Un recul ordonné de l’inflation vers l’objectif de 2 % qui permettrait aux banques centrales de baisser significativement les taux d’intérêt. Le ralentissement de la croissance est contenu, le marché du travail se stabilise et les bénéfices des entreprises surprennent à la hausse. Dans un tel scénario, nous pourrions assister à une hausse des multiples de valorisation étant donné la baisse du coût du capital. De toute évidence, un apaisement des tensions géopolitiques contribuerait aussi à rehausser la confiance générale des investisseurs.

Le scénario baissier pourrait être déclenché par un choc géopolitique comme une escalade de la guerre au Moyen-Orient conduisant à une envolée des prix de l’énergie et de l’inflation, ce qui pourrait entraîner une baisse des profits et éventuellement une récession.
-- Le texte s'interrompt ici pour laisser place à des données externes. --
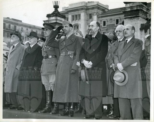 Il principe Umberto II di Savoia presiede la parata del nuovo esercito con i ministri Ivanoe Bonomi, Alessandro Casati, Umberto Tupini, il senatore Carlo Sforza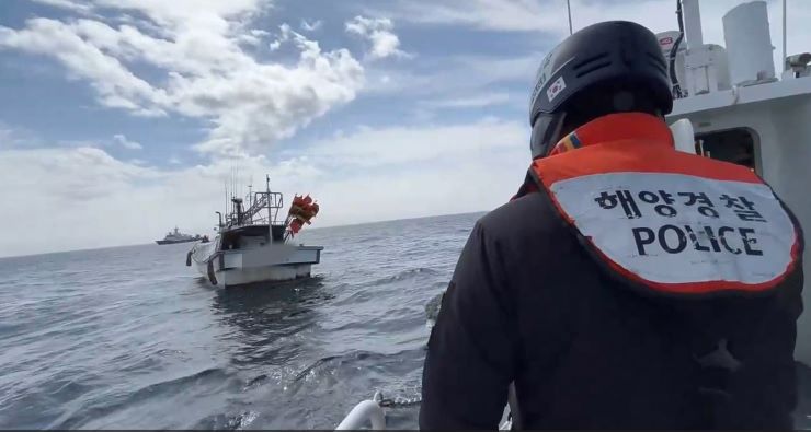 23일 오전 서귀포시 성산항 남동쪽 약 13㎞ 해상에서 불이 난 어선 A호가 신양항으로 예인되고 있다. 서귀포해양경찰서 제공
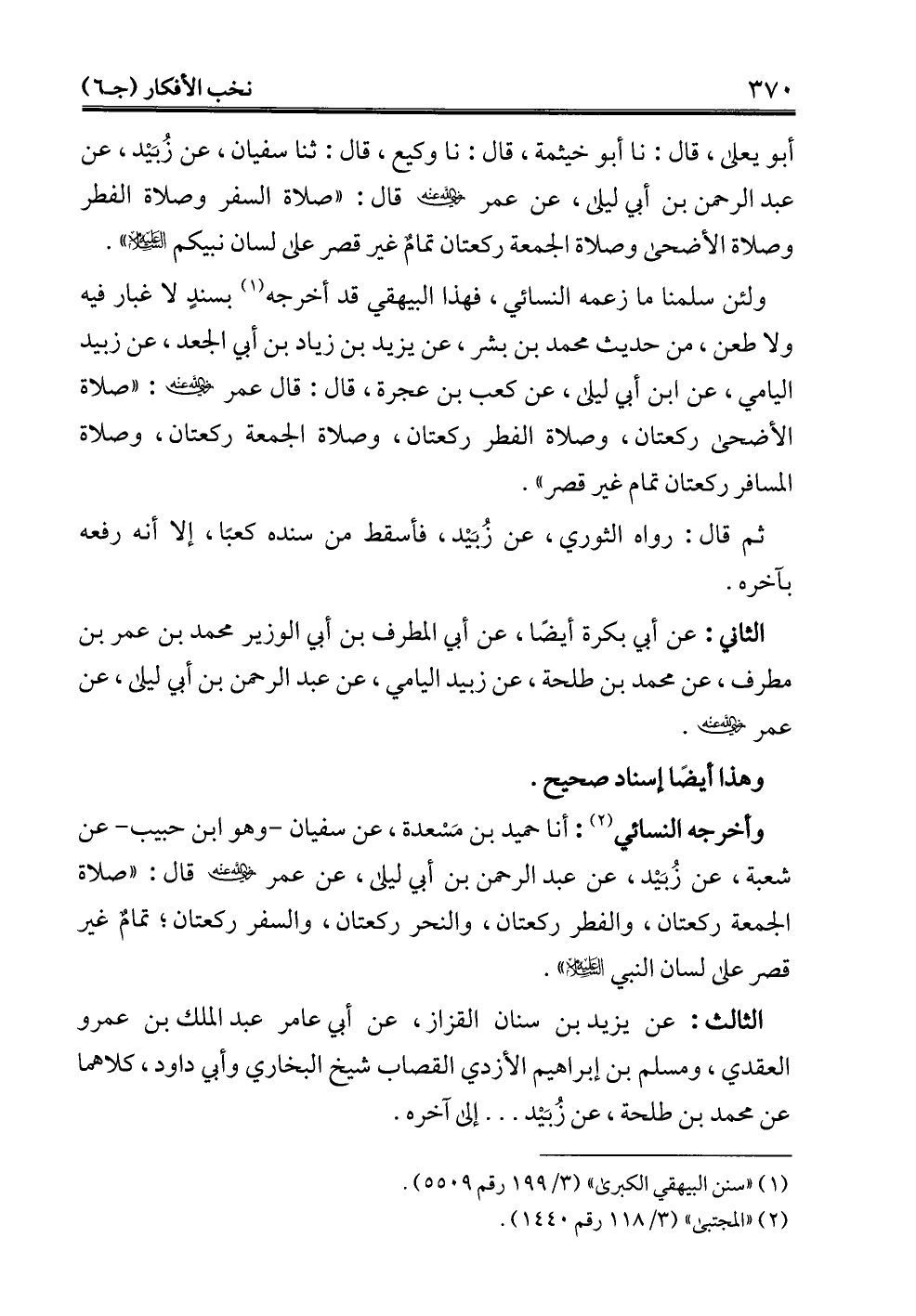 ولئن سلمنا ما زعمه النسائي، فهذا البيهقي قد أخرجه (¬1) بسندٍ لا غبار فيه ولا طعن، من حديث محمد بن بشر، عن يزيد بن زياد بن أبي الجعد، عن زبيد اليامي، عن ابن أبي ليلى، عن كعب بن عجرة، قال: قال عمر - رضي الله عنه -: "صلاة الأضحى ركعتان، وصلاة الفطر ركعتان، وصلاة الجمعة ركعتان، وصلاة المسافر ركعتان تمام غير قصر".

Nous remarquons également que la situation en mer de Chine est très tendue et qu’un conflit armé pourrait être dévastateur pour l’économie mondiale.
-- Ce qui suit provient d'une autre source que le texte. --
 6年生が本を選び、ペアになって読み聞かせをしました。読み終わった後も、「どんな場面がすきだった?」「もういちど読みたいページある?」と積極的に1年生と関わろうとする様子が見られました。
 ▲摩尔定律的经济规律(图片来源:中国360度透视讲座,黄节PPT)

Il existe également un scénario dans lequel la compression des marges mentionnée ci-dessus est si forte que les entreprises commencent à réduire drastiquement leurs effectifs. Cela se produit généralement à la fin d’un cycle économique. Une hausse du chômage pourrait nuire considérablement à l’activité alors que les dépenses de consommation représentent environ 2/3e du PIB et pourraient conduire à une récession marquée. Dans ces épisodes récessifs, les marchés actions chutent généralement entre 20 % et 30 %.

« Boucle d’or », scénario irréaliste en 2024

Pour les raisons mentionnées précédemment, nos perspectives restent prudentes pour 2024 — alors que nous estimons que le marché intègre actuellement un scénario irréaliste à la « Boucle d’or ». Nous maintenons une stratégie équilibrée combinant la recherche de valeurs de croissance premium avec des poches de stratégie Value (énergie, et certaines valeurs financières et technologiques).

Au sein de la catégorie des valeurs de croissance premium, nous surpondérons la santé, les soins personnels et les produits de luxe, secteurs dans lesquels nous détenons des valeurs bénéficiant de solides moteurs de croissance structurelle et qui ne sont pas correctement évaluées par le marché, selon nous, aux cours actuels. Au niveau géographique, nous préférons l’Europe et le Japon aux Etats-Unis au vu des niveaux de valorisation.